• [Problem to work on]:
Word for word, return each entry that follows, with every image removed.
++++++++++
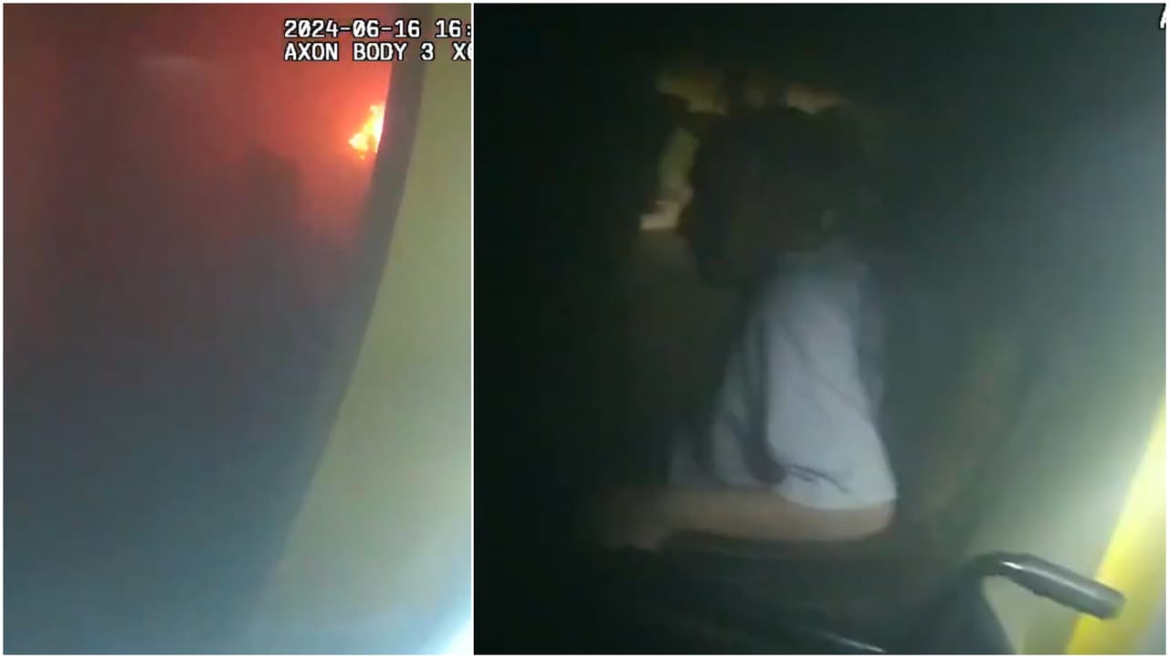 En Evesham, NJ, un oficial de policía rescató a un hombre en condición de discapacidad de una casa en llamas en Sagemore Drive el 16 de junio. A pesar del denso humo, el oficial localiza al hombre y lo rescata a salvo.
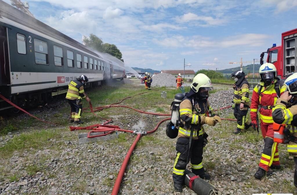 Juni 3, 2021 Ausbildung Anlässlich des Weiterbildungskurses des Bahnstützpunkts in St. Gallen wurde die Zusammenarbeit zwischen der Stützpunktfeuerwehr und dem SBB-Lösch- und Rettungszug geübt.
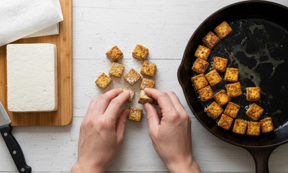 - Optional: Toss tofu lightly in cornflour for extra crispiness.
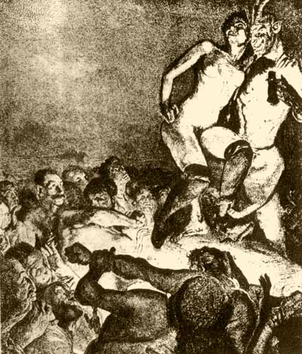Понятие карикатуры здесь, конечно, чисто техническое и понимается в смысле средства. И в этом смысле мы и говорим: большинство всех эротических произведений носит характер карикатуры. Карикатура — произведения Ювенала, диалоги Аретино, писания маркиза де Сада, мемуары Казановы и т. п.; карикатуры — большинство эротических древних изображений, многочисленные эротические картины Ренессанса, все, что японцы дали нам в области эротического искусства, все, что в области эротики создал Фелисьен Ропс, и т. п. Повсюду потенция, т. е. все, что так или иначе связано с проявлением животной любви, а в первую очередь и половые органы мужчины, — все всегда чрезмерно преувеличено. Но мы утверждаем: это явление есть внутренняя необходимость и, как естественный закон, вытекает из всей тенденции эротики.
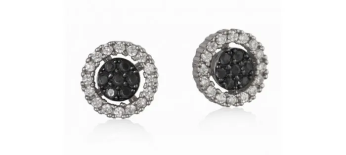 Pendientes de plata de primera ley (925) con baño de color y Zirconitas blancas y negras.
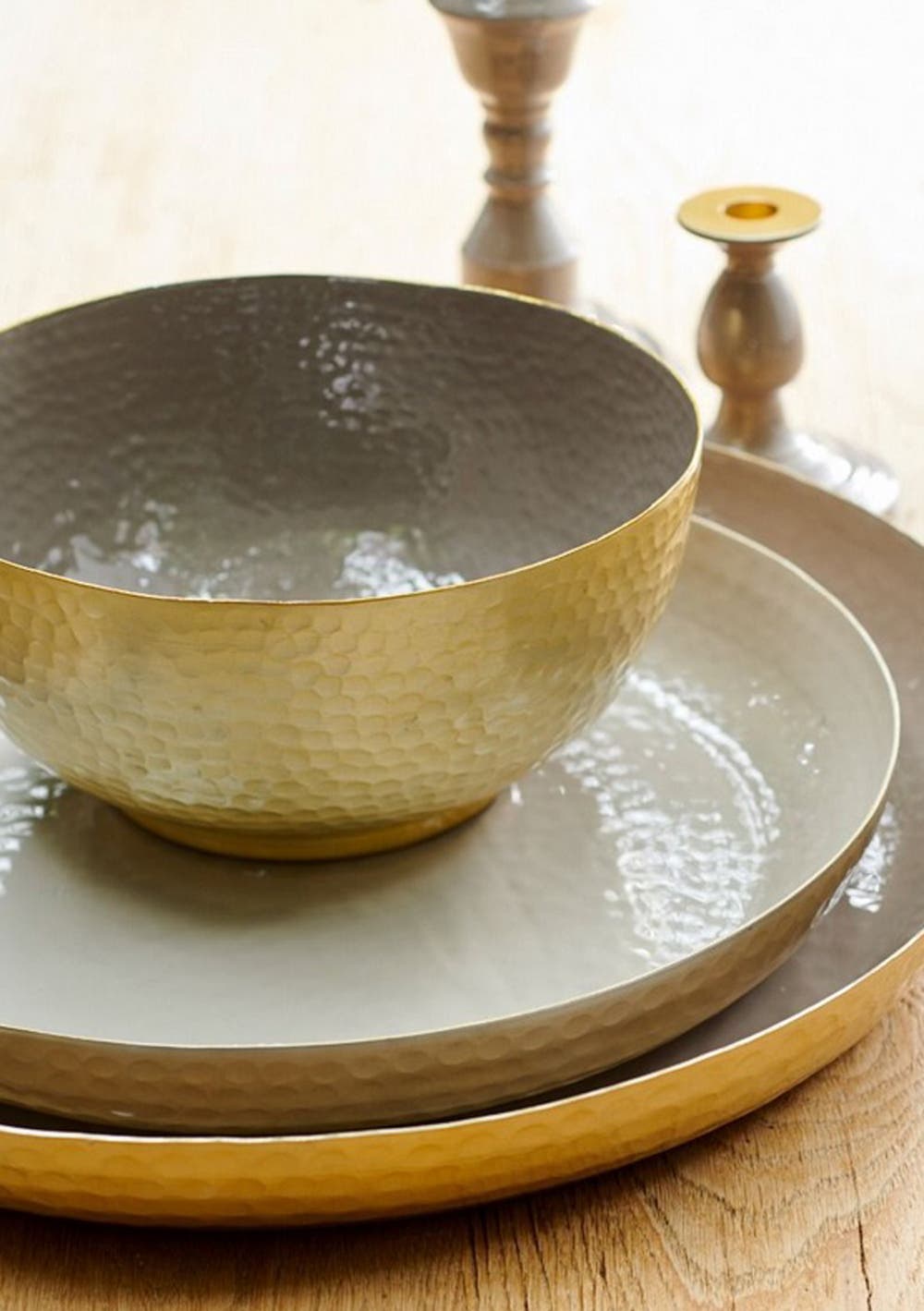This khaki tray with golden bottom can be placed on a table and filled with accessories. Diameter: 50 cm. 50cm diameter
++++++++++
• [Finished exercise]:
 En Evesham, NJ, un oficial de policía rescató a un hombre en condición de discapacidad de una casa en llamas en Sagemore Drive el 16 de junio. A pesar del denso humo, el oficial localiza al hombre y lo rescata a salvo.
 Juni 3, 2021 Ausbildung Anlässlich des Weiterbildungskurses des Bahnstützpunkts in St. Gallen wurde die Zusammenarbeit zwischen der Stützpunktfeuerwehr und dem SBB-Lösch- und Rettungszug geübt.
 - Optional: Toss tofu lightly in cornflour for extra crispiness.
Понятие карикатуры здесь, конечно, чисто техническое и понимается в смысле средства. И в этом смысле мы и говорим: большинство всех эротических произведений носит характер карикатуры. Карикатура — произведения Ювенала, диалоги Аретино, писания маркиза де Сада, мемуары Казановы и т. п.; карикатуры — большинство эротических древних изображений, многочисленные эротические картины Ренессанса, все, что японцы дали нам в области эротического искусства, все, что в области эротики создал Фелисьен Ропс, и т. п. Повсюду потенция, т. е. все, что так или иначе связано с проявлением животной любви, а в первую очередь и половые органы мужчины, — все всегда чрезмерно преувеличено. Но мы утверждаем: это явление есть внутренняя необходимость и, как естественный закон, вытекает из всей тенденции эротики.
 Pendientes de plata de primera ley (925) con baño de color y Zirconitas blancas y negras.
This khaki tray with golden bottom can be placed on a table and filled with accessories. Diameter: 50 cm. 50cm diameter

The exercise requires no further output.